John, the voice in the wilderness

καθὼς γέγραπται ἐν τῷ Ἠσαΐᾳ τῷ προφήτῃ

ἰδοὺ ἀποστέλλω τὸν ἄγγελόν μου πρὸ προσώπου σου
ὃς κατασκευάσει τὴν ὁδόν σου
φωνὴ βοῶντος ἐν τῇ ἐρήμῳ
ἑτοιμάσατε τὴν ὁδὸν κυρίου
εὐθείας ποιεῖτε τὰς τρίβους αὐτοῦ

ἐγένετο Ἰωάννης βαπτίζων ἐν τῇ ἐρήμῳ καὶ κηρύσσων βάπτισμα μετανοίας εἰς ἄφεσιν ἁμαρτιῶν

Mark 1:2-4

In what sense is John the ‘voice crying in the wilderness’? In what sense is he YHWH’s messenger? At first sight, the connection between John and the prophecy appears to have been made with uncritical literalism by early followers of John and then of Jesus – followers who found a verse about one proclaiming in the wilderness, and grabbed it to speak about this Jordan-based preacher, and who had to change the syntax of the verse from Isaiah in the process (to attach ‘wilderness’ to the ‘voice’ rather than to the ‘making straight’).

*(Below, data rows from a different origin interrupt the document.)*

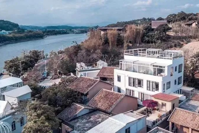 位于增城区1978电影小镇景区里的江居民宿,自带“安静又慵懒”的温柔性格,通体洁白的外观清新亮眼,干净整洁的环境满是舒适,登上民宿天台远眺,江水蜿蜒流淌,青山隐隐相伴。
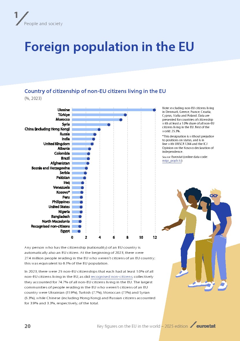 2023年,有25个非欧盟公民群体(含已认可非公民)各占欧盟非欧盟公民总数至少1.0%;合计占74.7%。欧盟境内最大非欧盟公民群体为乌克兰(11.9%)、土耳其(7.7%)、摩洛哥(7.1%)和叙利亚(5.3%),中国(含香港)与俄罗斯公民分别占3.9%和3.3%。
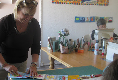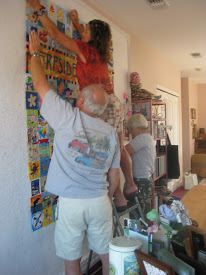 March 9 at Mary Freedman's studio, Judy Dunlap is placing blocks on the design wall.
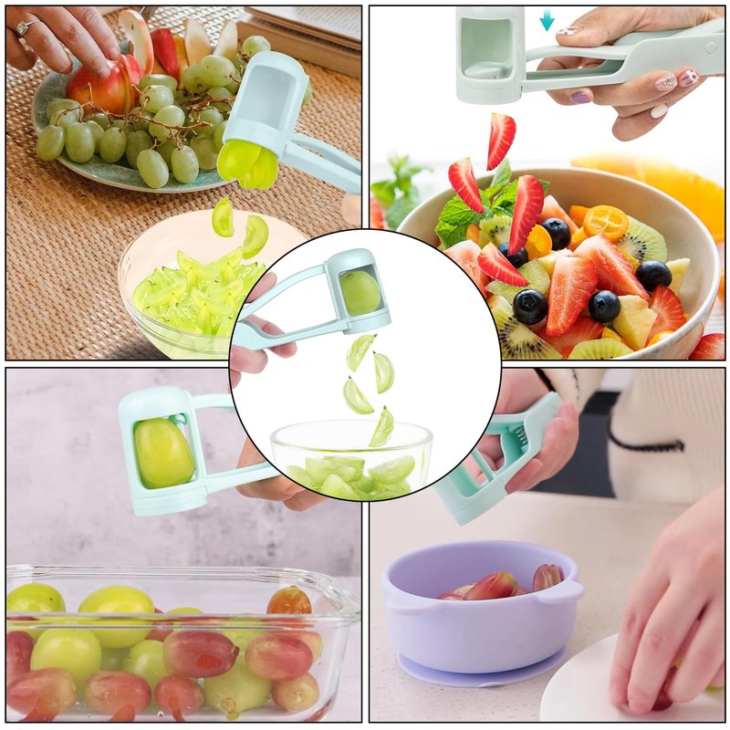 - Usage This stainless steel grape slicer is not only suitable for seedless grapes, but also for small fruits such as cherries, tomatoes, strawberries and blueberries. It is a multifunctional kitchen tool.
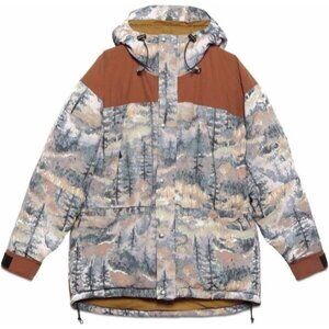 This stylish and cozy unisex puffer jacket is a limited edition piece from the collaboration between The North Face and Gucci. The forest print gives it a unique touch, while the down insulation, water-resistant material, and mid-length make it perfect for cold winter or fall days. The jacket is a size S and features a full zip, hood, collar, and multiple pockets, including inner ones. The outer shell is made of nylon, and the lining is polyamide. The closure in
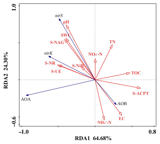 Redundancy analysis diagram of the abundance of functional genes and soil environmental factors. EC: electrical conductivity, SWC: soil water content, TOC: total organic carbon, TN: total nitrogen, S-NR: soil nitrate reductase, S-UE: soil urease, S-NAG: soil N-acetyl-β-d-glucosaminidase, S-ACPT: soil acid protease, AOA: ammonia oxidizing archaea, AOB: ammonia oxidizing bacteria (as abbreviated).
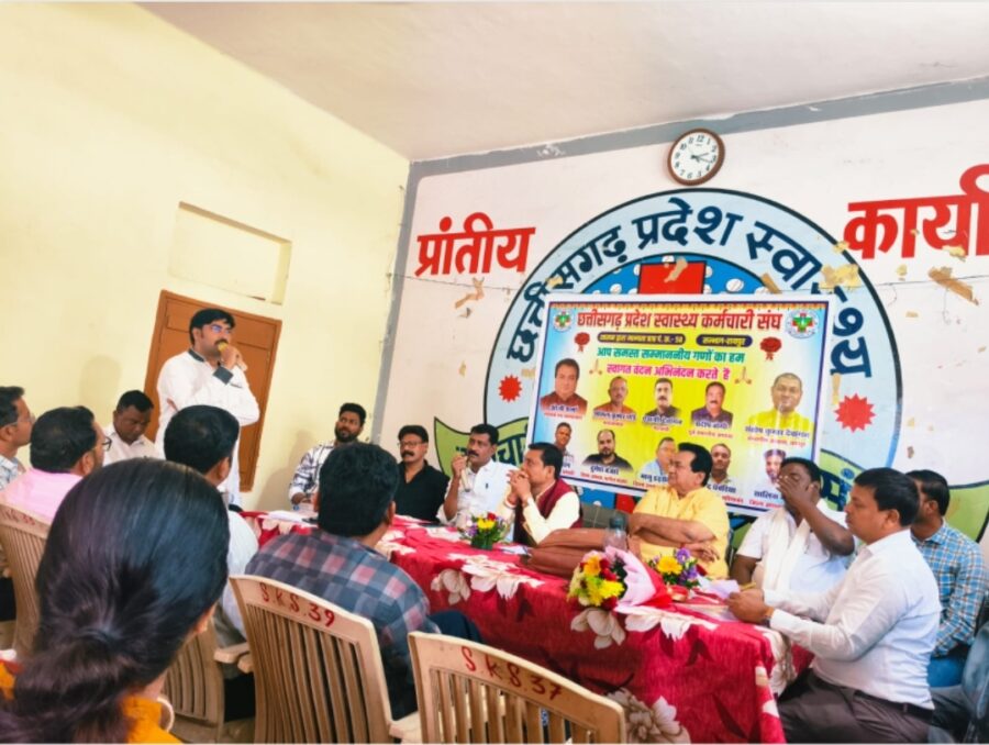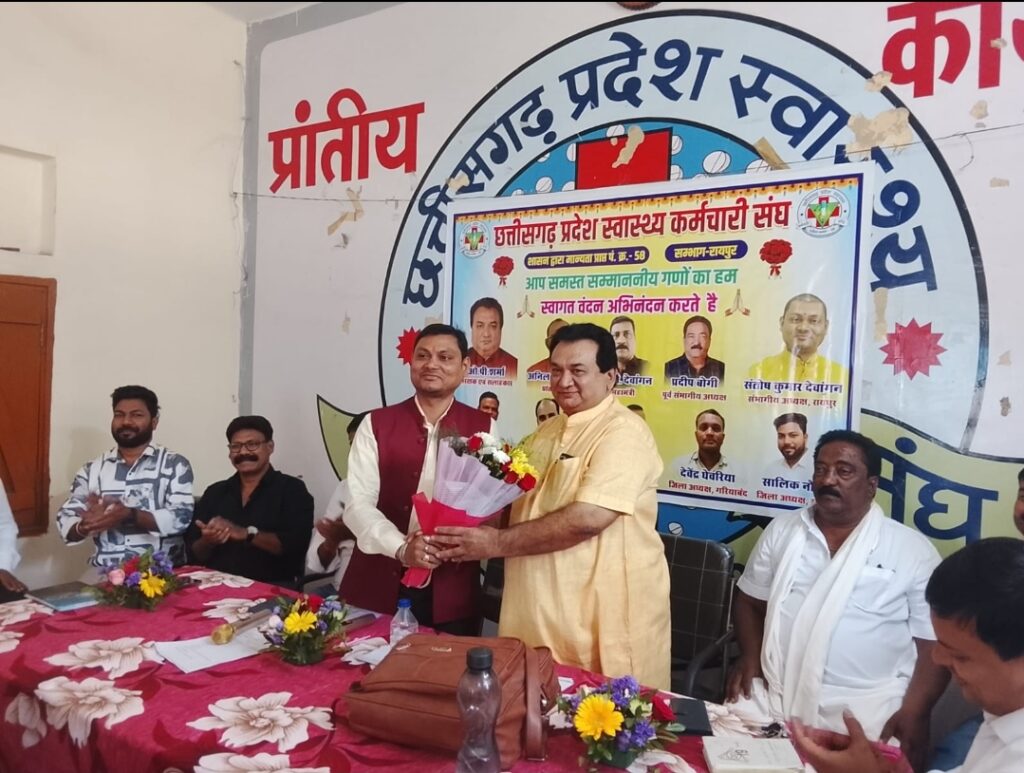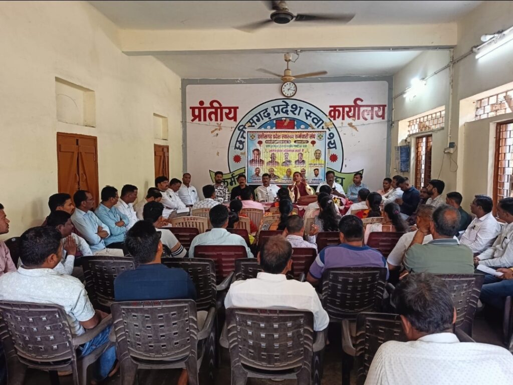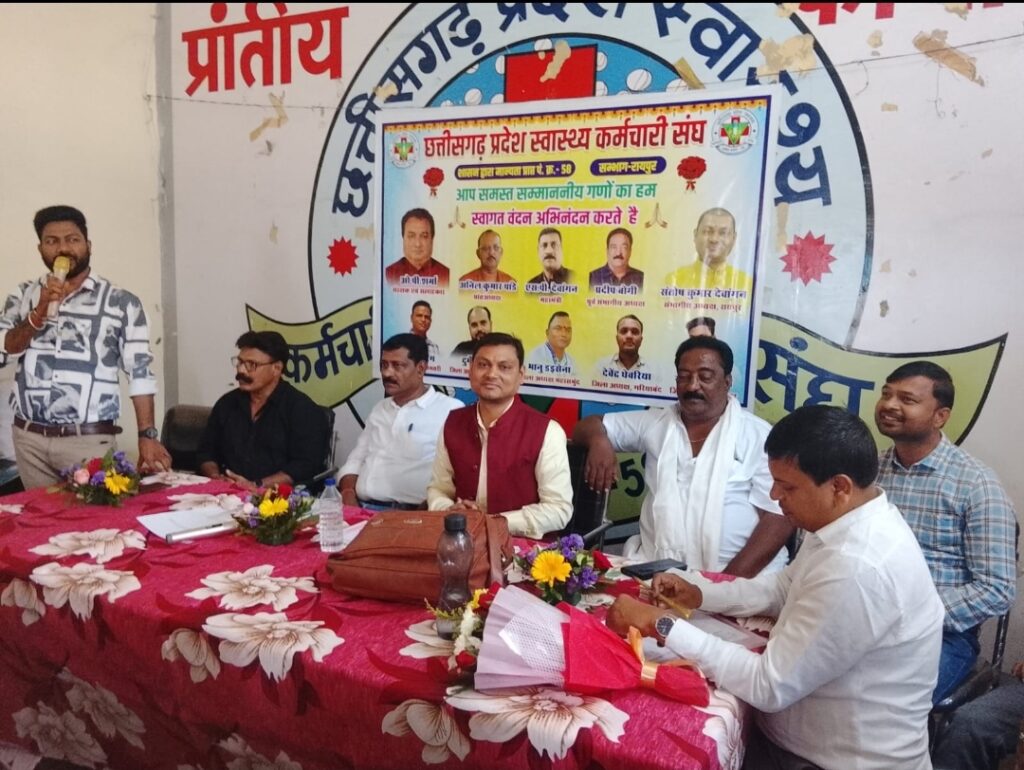 रायपुर :- शासन से मान्यता प्राप्त संगठन छत्तीसगढ़ प्रदेश स्वास्थ्य कर्मचारी संघ के संभाग रायपुर का संभाग स्तरीय बैठक 5 अप्रैल रविवार को प्रांतीय कार्यालय अर्जुन नगर रायपुर मे संभाग अध्यक्ष संतोष देवांगन के अध्यक्षता मे लिया गया
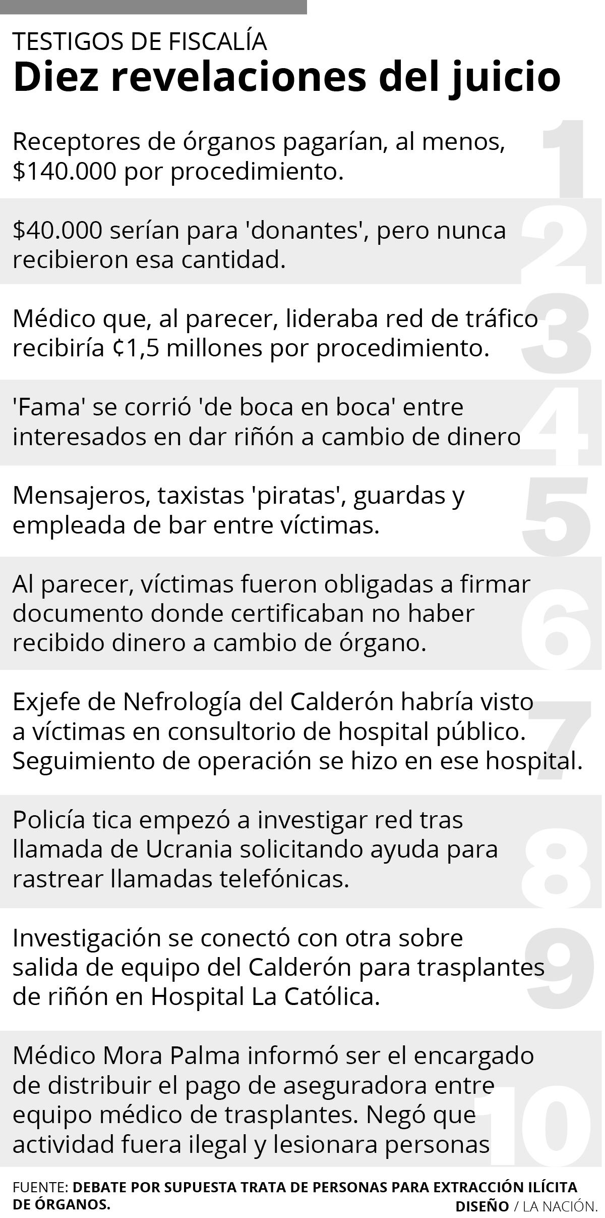 En el proceso hay cinco imputados. Uno de ellos, el exjefe de Nefrología Francisco Mora Palma, a quien la acusación del Ministerio Público le atribuye ser el líder de una red para la extracción ilícita de riñones, órganos que, al parecer, fueron trasplantados a enfermos extranjeros después de pagar, al menos, $140.000.
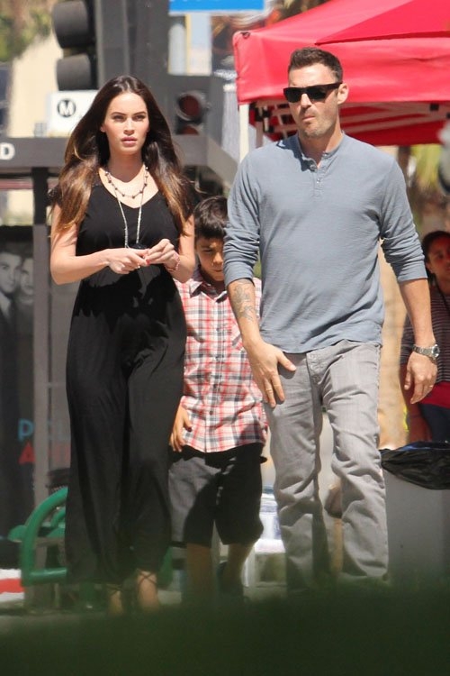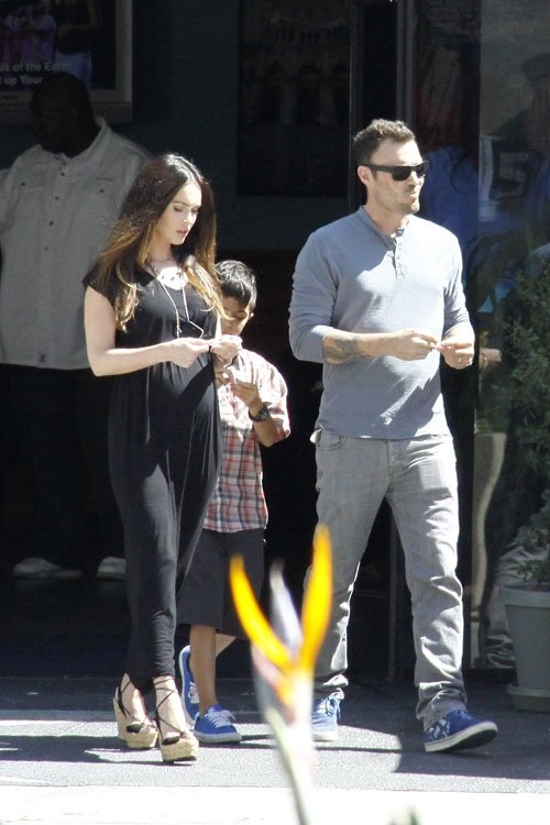 Беременная Меган Фокс была замечена со своим мужем Брайаном Остином Грин и пасынком Кассиусом во время воскресной прогулке в Лос-Анджелесе.
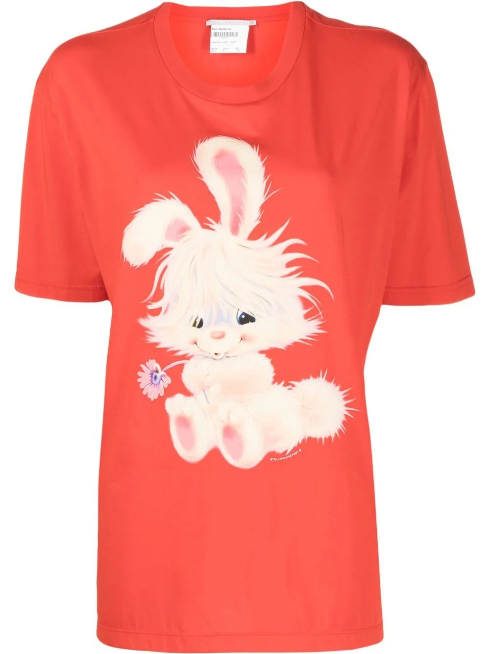 Lunar New Year short-sleeved T-shirt Stella McCartney's Lunar New Year T-shirt is crafted from cotton and boasts a playful graphic print to the front, complemented by a slogan print to the rear. Highlights - Coral red - Cotton - Graphic print to the front - Slogan print to the rear - Crew neck - Short sleeves - Straight hem Imported Composition Body: Cotton 90% Cotton 10% SIZE & FIT Model measurements Height 5 ft 11 in(1.8 m) Bust/Chest 33.07 in(84 cm) Hips 37.4 in(95 cm) Waist 25.19 in(64 cm) Washing instructions Dry Clean Only
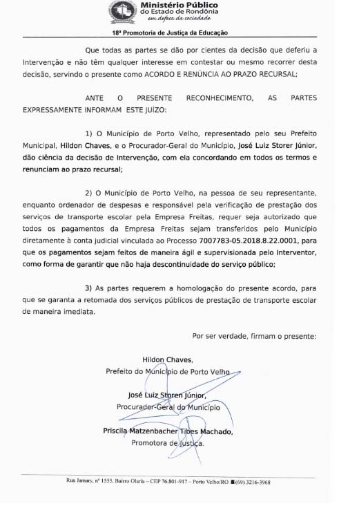 Hildon Chaves ainda requereu a promotora de justiça Priscila Matzenbacher Machado, autorização para que todos os pagamentos a empresa Freitas sejam transferidos pelo Município diretamente para a conta judicial vinculada ao processo de intervenção de nº 7007783-05.2018.8.22.0001, como forma de dar mais transparência às suas ações e garantia da retomada do transporte escolar.
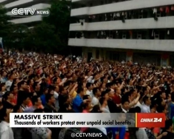 5日,广东东莞最大鞋厂—裕元鞋厂几千名员工因质疑厂方以临时工标准为工作十多年的员工购买社保,与员工签订无效劳动合同等欺瞒行为进行抗议。

I suspect, however that this is a secondary, accidental and in its way playful connection dependent upon a deeper connection that had already been found: John’s ministry of repentance was, I suspect, a ministry that self-consciously performed a preparation for the coming of YHWH as already understood in ways shaped by verses like these from Isaiah. John prepares for the coming of the Lord – and when the Lord comes in ways unexpected even by John, John’s ministry of repentance does not cease to be a preparation for it.

“Proclaiming a baptism of repentance for the forgiveness of sins”: Proclaiming a washing, a purification, a rite of passage, a way through the Jordan, a return to the true Israel – for or into the forgiveness of sins: into a renewed Israel, an Israel whose sins have been taken away, an Israel made straight, levelled for the coming King. If John proclaims (consciously? despite himself?) Jesus, he does so only by proclaiming the renewal of Israel.

4 Thoughts on “John, the voice in the wilderness

  1. Pingback: The Coding Humanist

  2. douglas on January 5, 2006 at 7:12 pm said:

    So have we got to Elijah yet? Does this very sophisticated hermeneutic allow us typology?
    I agree that if we understand that we have to think in terms of the eschaton, abduction is not (vicious) supersession (I always thought it had an ‘s’ rather than a ‘c’ – one person sitting above another rather than cutting them off?) Eschatology means that we have to say that we do not yet know who we are, or may become, and we may all become who we are only in Christ – that is in the form or type of Christ. Thus, surely typology is fine, so let us get on with it. John is Elijah come to rid us of the prohets of Baal, just as a preview to the Son of God himself?

  3. I hope it allows us typology. I’m all for typological interpretation, in fact. I learnt a love of it from Hans Frei – see, e.g., this piece.

  4. Just another note to myself, on re-reading:
    This post, it seems to me, points in the direction of part of the answer to the question I have just posed in my question to the last substantive post: that Mark’s strong reading of John was uncomfortable undialectical. This post suggests one way in which the reading might not be quite as ‘strong’ as it looks at first. Hmmm.